不明2児 拉致と断定 北朝鮮工作船 乗船の海岸特定 | trycomp2のブログ

不明2児 拉致と断定 北朝鮮工作船 乗船の海岸特定

共同捜査本部設置

 一九七三年に行方不明となった埼玉県上福岡市(現ふじみ野市)の主婦渡辺秀子さん=当時(32)=の子ども二人について、警察庁は十二日、北朝鮮工作員による拉致事件と断定した。警視庁と兵庫県警は同日、国外移送目的略取容疑で共同捜査本部を設置。北朝鮮国内にいるとみられる主犯格の女工作員(59)らの逮捕状請求と国際手配に向け、本格的な捜査に乗り出す。 

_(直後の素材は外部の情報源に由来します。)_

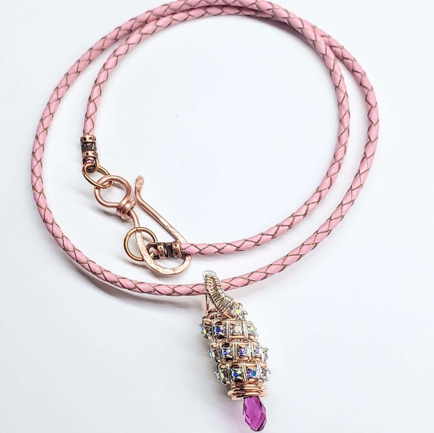Pendant Construction: The tubular wire coiled pendant is meticulously handcrafted using copper and sterling silver wire. Each wire is individually coiled to create the dimensional tubular structure, then carefully shaped to frame and showcase the brilliant fuchsia crystal drop.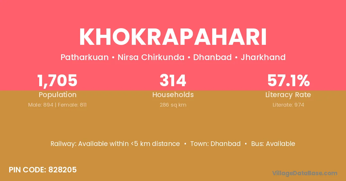Dhanbad is the nearest town to Khokrapahari village for major economic activities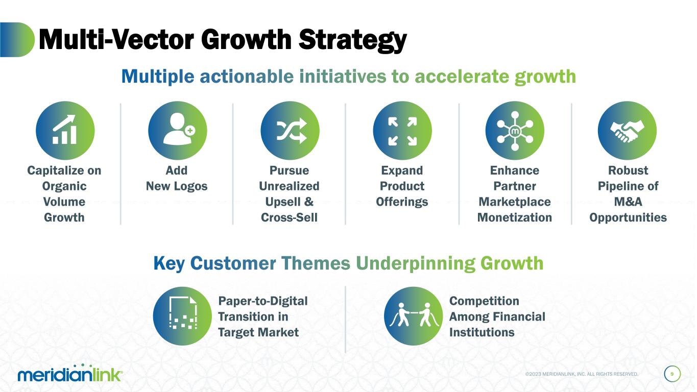 ©2023 MERIDIANLINK, INC. ALL RIGHTS RESERVED. MeridianLink’s Next-Generation Unified Platform 8 Financial Institutions Borrowers Marketing Automation Universal Portal Universal Platform Intelligent Cross-Sell Collections Data & Analytics Checking / Savings Certificates of Deposits Personal Loan Auto Loan Credit Card Mortgage Home Equity Small Business Data-driven workflows to acquire new customers and extend the financial relationship over time
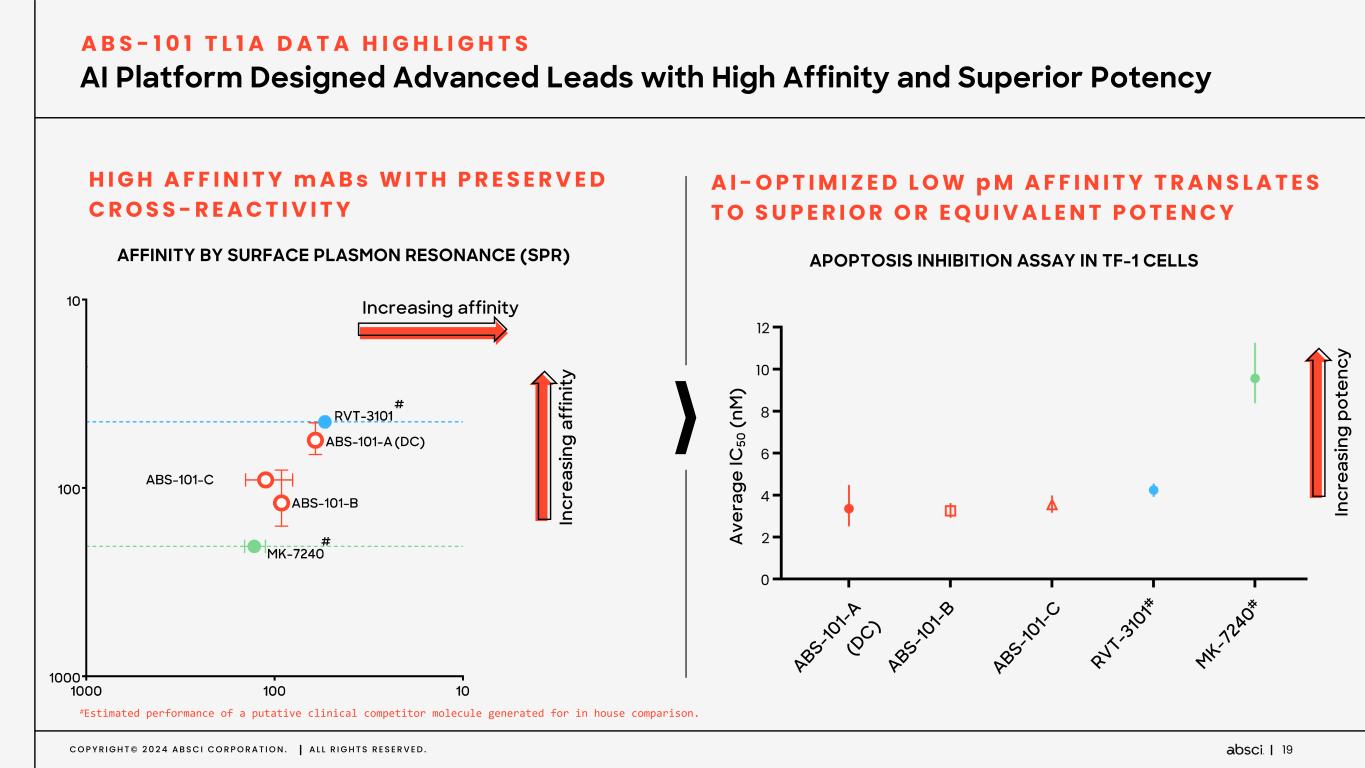 C O P Y R I G H T © 2 0 2 4 A B S C I C O R P O R A T I O N . A L L R I G H T S R E S E R V E D . 18 TL1A Target identified Function confirmed Multi-parametrically optimized Functionally validated D E N O V O A I A I L E A D - O P T I M I Z A T I O N Hits Lead Candidate Potential Best-in-Class TL1A mAb Designed using Generative AI A B S - 1 0 1 T L 1 A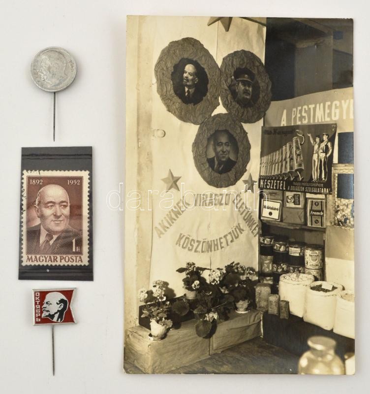 Beschreibung: cca 1950 Rákosi Mátyás emléktabló fotója, hozzá bélyeg és Sztálint és Lenint ábrázoló érme és jelvény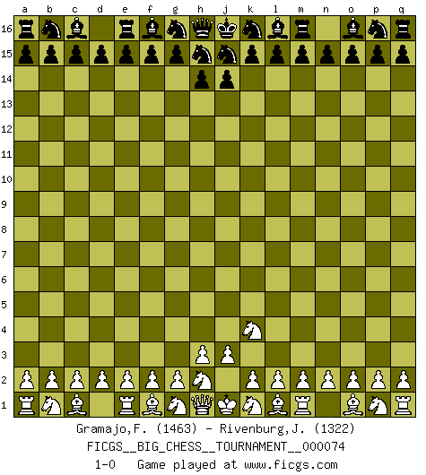 Last move : 1-0 2011 January 25 11:28:45 [Event "FICGS__BIG_CHESS__TOURNAMENT__000074"] [Site "FICGS"] [Date "2010.12.26"] [Round "1"] [White "Gramajo,Francisco"] [Black "Rivenburg,John"] [Result "1-0"] [WhiteElo "1463"] [BlackElo "1322"] 1.j2-k4 1-0 This big chess game has been lost on time (started : 2010.12.26 2:14:24) Follow this game move after move (download)Chess is thirty to forty percent psychology. You don't have this when you play a computer. I can't confuse it. (Judith Polgar) Ich verstehe Aljechins Kombinationen ganz gut; aber woher er diese Angriffschancen bekommt und wie er die Eröffnung behandelt das ist für mich ein Buch mit sieben Siegeln. (Rudolf Spielmann) Observen a Garry Kasparov. Después de una derrota, invariablemente el gana la próxima partida. Prácticamente hace pedazos a su siguiente oponente. Eso es algo que tenemos que aprender a lograr. (Maurice Ashley) Les échecs sont un jeu par leur forme, un art par leur essence et une science par sa difficulté d'acquisition. Ils peuvent vous procurer autant de plaisir qu'un bon livre ou une belle musique, mais vous n'aurez une réelle joie que si vous arrivez à bien jouer. (Tigran Petrosian) A married woman is like a fish riding a bicycle. (Rodolfo d'Ettorre)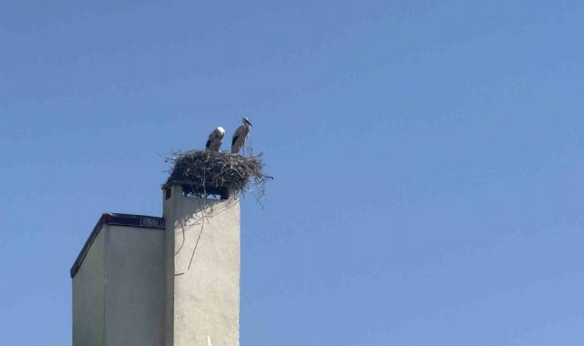 Hava sıcaklığının arttığı Iğdır'da leylekler yuvalarına geri dönmeye başladı.
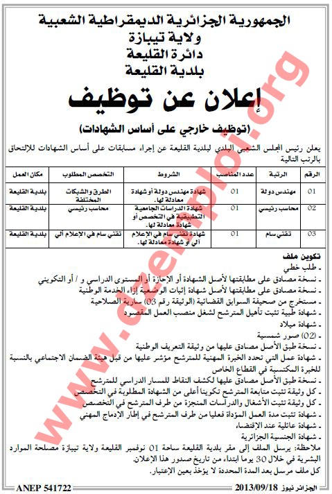 إعلان مسابقة توظيف في بلدية القليعة ولاية تيبازة سبتمبر 2013

 警察当局の調べによると、拉致されたのは渡辺さんと在日朝鮮人の夫との間に生まれた長女高敬美(こう・きよみ)ちゃん=当時(6つ)=と、長男剛(つよし)ちゃん=同(3つ)。母子三人は、行方が分からなくなった渡辺さんの夫を、勤務先だった東京都品川区の貿易会社「ユニバース・トレイディング」(解散)周辺で捜していた際、工作活動の発覚を恐れた女工作員らによって拘束され、七三年十二月以降、都内の同社関連施設など数カ所に事実上、監禁されていた。

 このうち姉弟は七四年六月中旬、車で福井県小浜市の海岸まで運ばれ、工作船で北朝鮮国内に移送された。警察当局はすでに乗船場所の海岸を特定している。

 警察庁は、北朝鮮に召還された渡辺さんの夫が工作員だった上、貿易会社が実質的に当時の在日本朝鮮人総連合会(朝鮮総連)幹部が設立した対日秘密工作機関と断定。同社所属の工作員らが拉致に関与し、移送に工作船が使用されていることなどから、北朝鮮の「国家的意思が推認される」としている。さらに、幼い子どもに渡航の判断はできず、両親の意思も確認されていない、として拉致事件と判断した。

 同庁による拉致事件の被害認定は十三件十九人となった。

 捜査本部は今後、実行犯の一人である都内在住の女性(55)らから事情を聴くなどして、拉致事件の解明を急ぐ一方、同社の工作員による自衛隊などを対象とした情報収集活動の全容を解明する方針。渡辺さんについては、国内で工作員らに殺害されたとする証言があるが、遺体は発見されておらず、同時に捜査を進める。